(Supplied material)

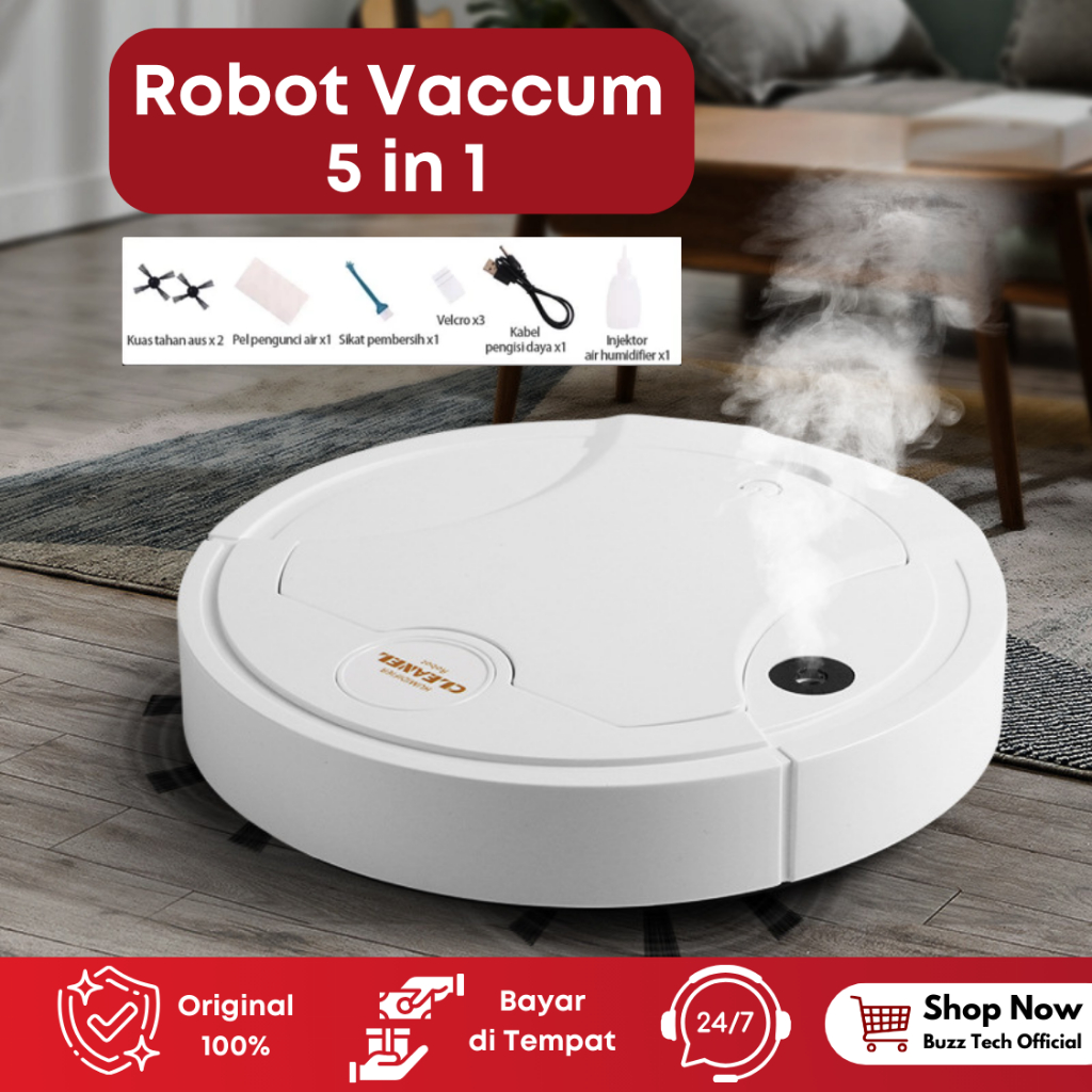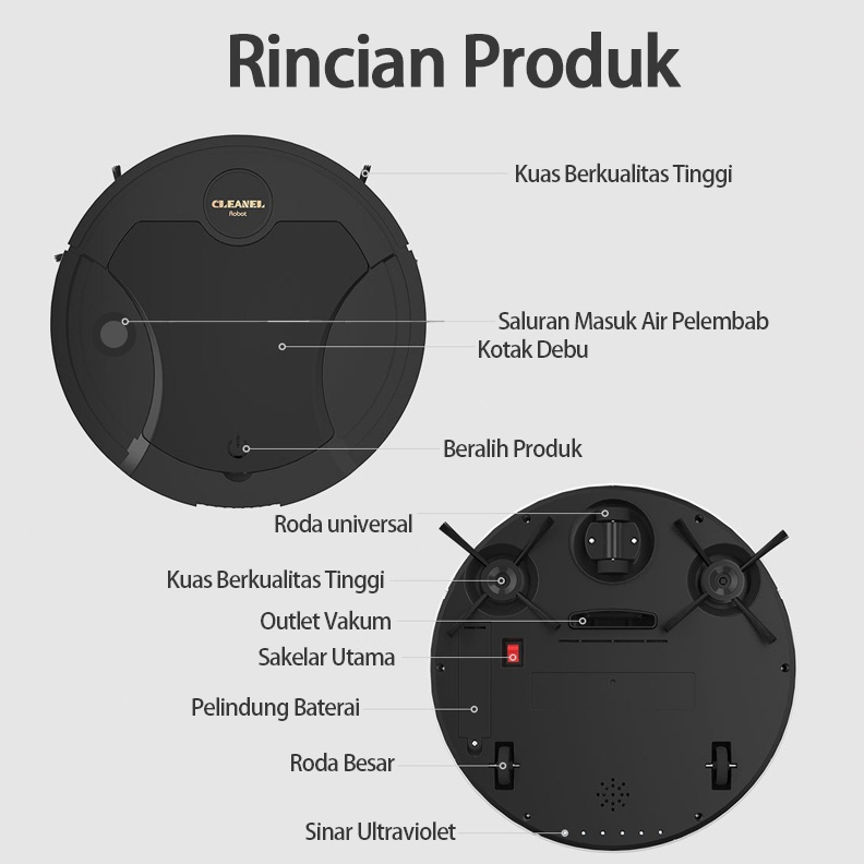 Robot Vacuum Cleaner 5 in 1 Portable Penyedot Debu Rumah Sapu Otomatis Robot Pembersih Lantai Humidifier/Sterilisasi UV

(End Supplied material)
(Supplied material)

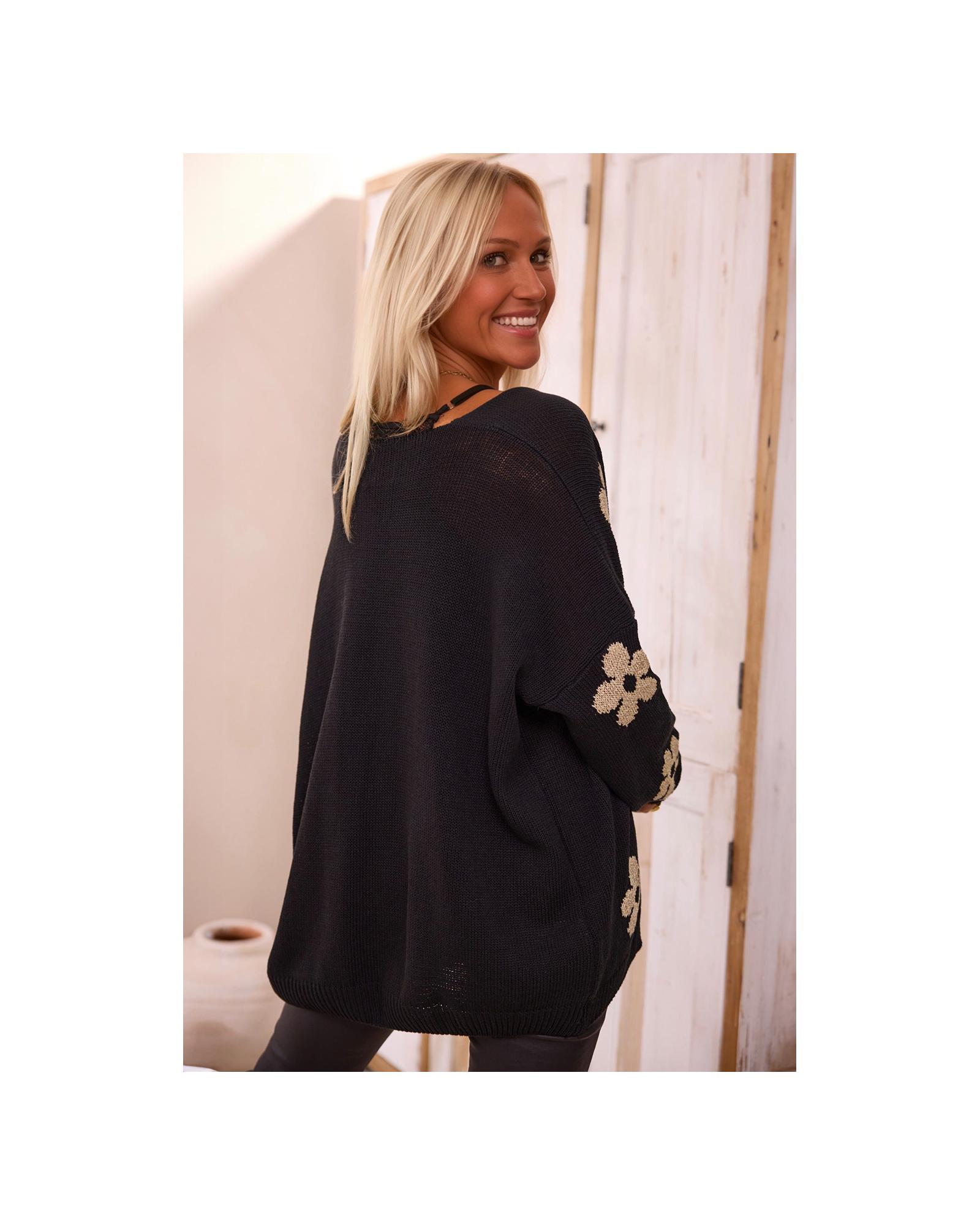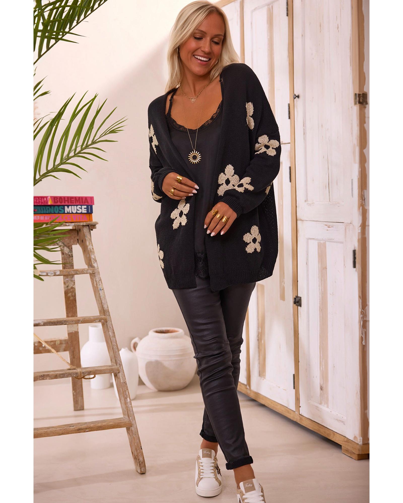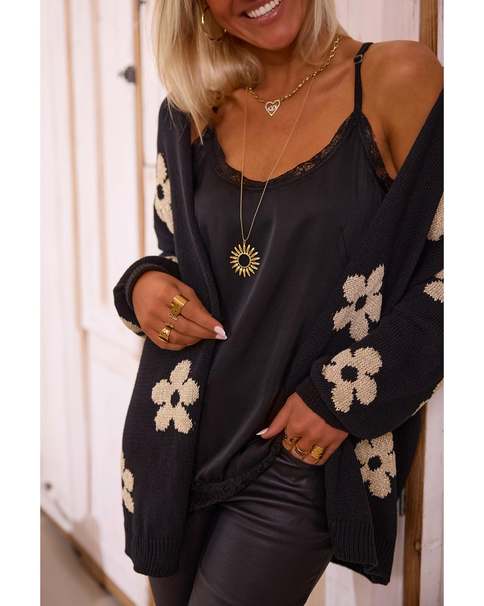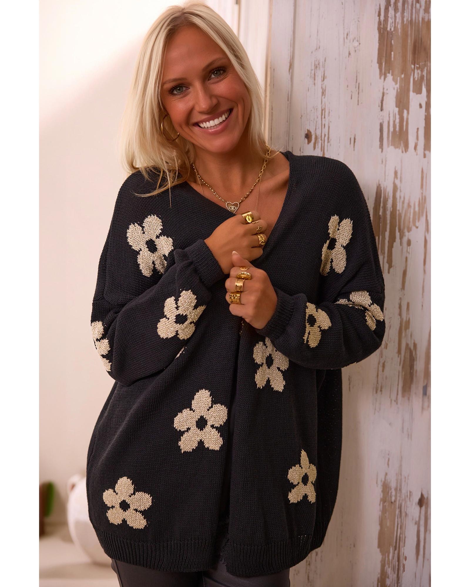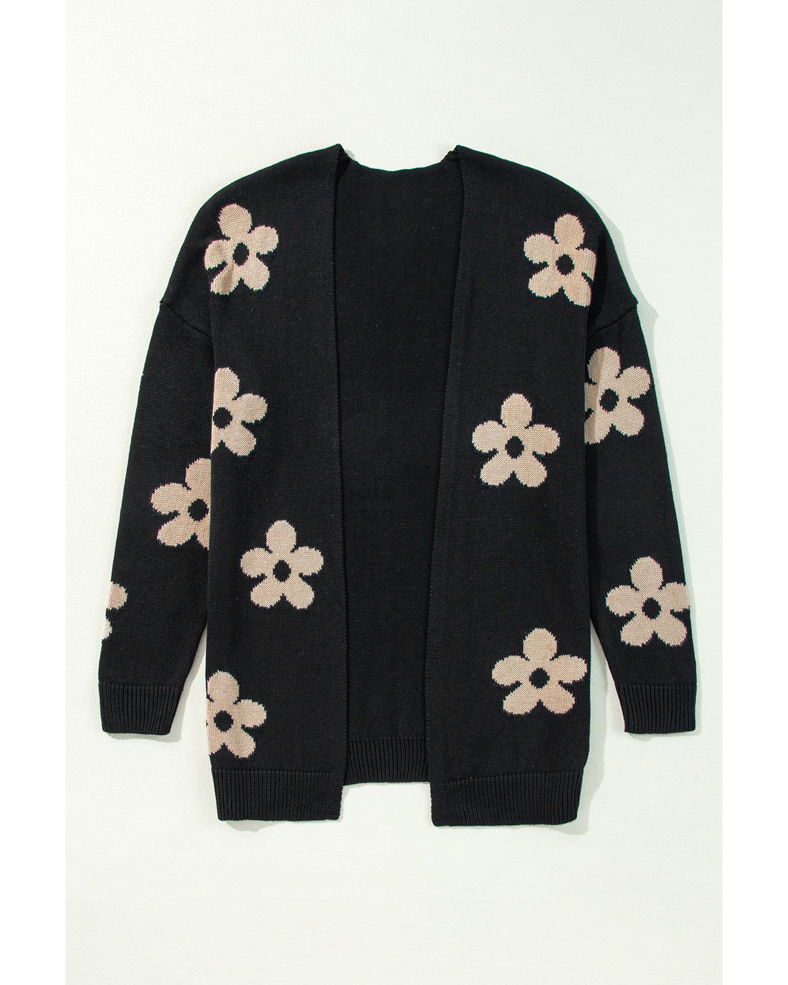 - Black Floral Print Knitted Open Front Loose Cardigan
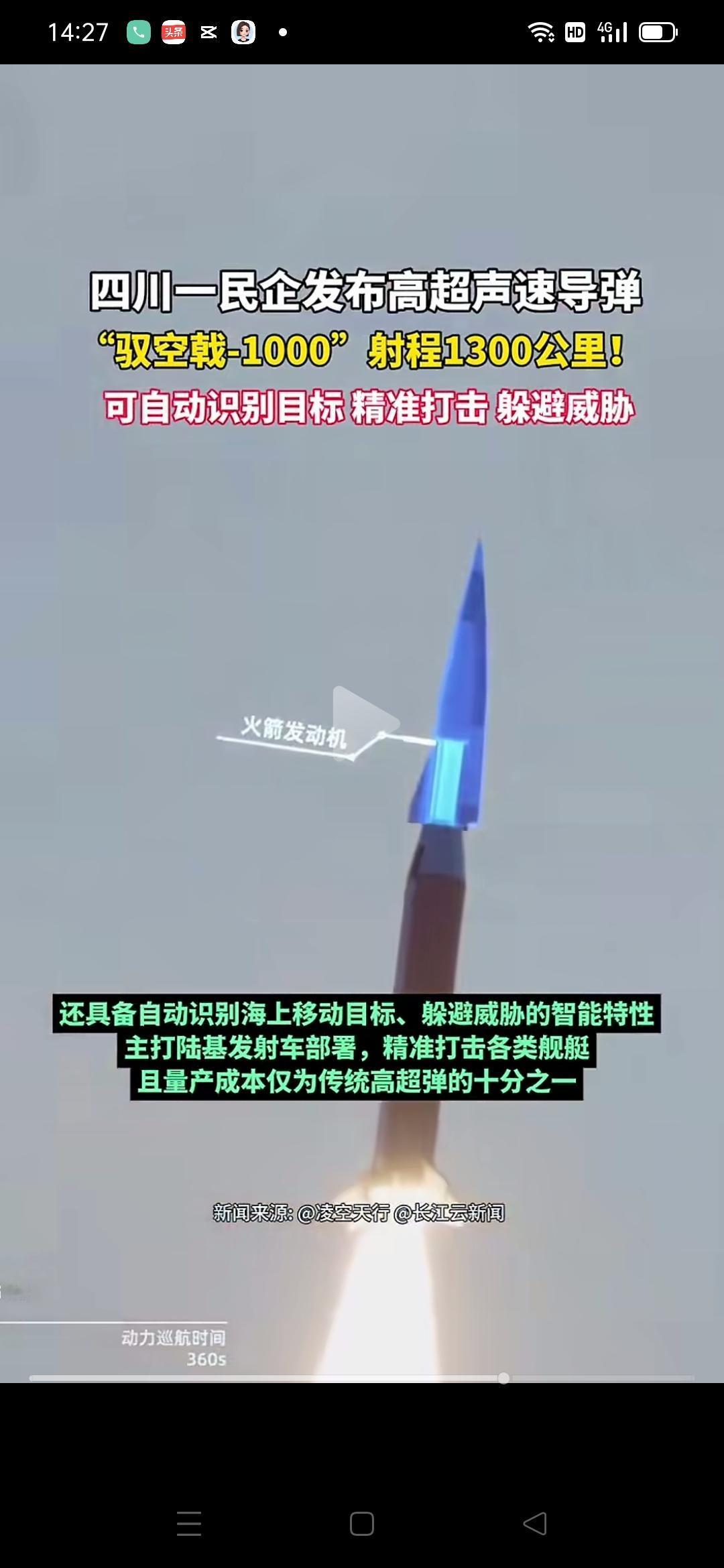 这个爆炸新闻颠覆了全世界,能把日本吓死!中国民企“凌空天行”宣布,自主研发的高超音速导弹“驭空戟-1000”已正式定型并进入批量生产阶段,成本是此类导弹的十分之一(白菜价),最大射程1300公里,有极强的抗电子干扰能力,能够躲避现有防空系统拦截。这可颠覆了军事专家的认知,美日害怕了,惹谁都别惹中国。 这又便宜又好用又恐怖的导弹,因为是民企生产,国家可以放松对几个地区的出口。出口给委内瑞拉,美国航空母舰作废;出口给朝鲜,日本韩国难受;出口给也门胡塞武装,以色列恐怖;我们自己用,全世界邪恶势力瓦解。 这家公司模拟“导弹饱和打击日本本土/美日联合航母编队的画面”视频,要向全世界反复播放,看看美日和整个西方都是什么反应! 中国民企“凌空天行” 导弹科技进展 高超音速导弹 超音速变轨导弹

(End Supplied material)

Problem to work on » From the entries above, copy exactly the lines starting at the one with "- Black Floral" and stopping at the one with "导弹科技进展 高超音速导弹 超音速变轨导弹", keeping both ends. Drop the pictures.

Exercise solution »
 - Black Floral Print Knitted Open Front Loose Cardigan
 这个爆炸新闻颠覆了全世界,能把日本吓死!中国民企“凌空天行”宣布,自主研发的高超音速导弹“驭空戟-1000”已正式定型并进入批量生产阶段,成本是此类导弹的十分之一(白菜价),最大射程1300公里,有极强的抗电子干扰能力,能够躲避现有防空系统拦截。这可颠覆了军事专家的认知,美日害怕了,惹谁都别惹中国。 这又便宜又好用又恐怖的导弹,因为是民企生产,国家可以放松对几个地区的出口。出口给委内瑞拉,美国航空母舰作废;出口给朝鲜,日本韩国难受;出口给也门胡塞武装,以色列恐怖;我们自己用,全世界邪恶势力瓦解。 这家公司模拟“导弹饱和打击日本本土/美日联合航母编队的画面”视频,要向全世界反复播放,看看美日和整个西方都是什么反应! 中国民企“凌空天行” 导弹科技进展 高超音速导弹 超音速变轨导弹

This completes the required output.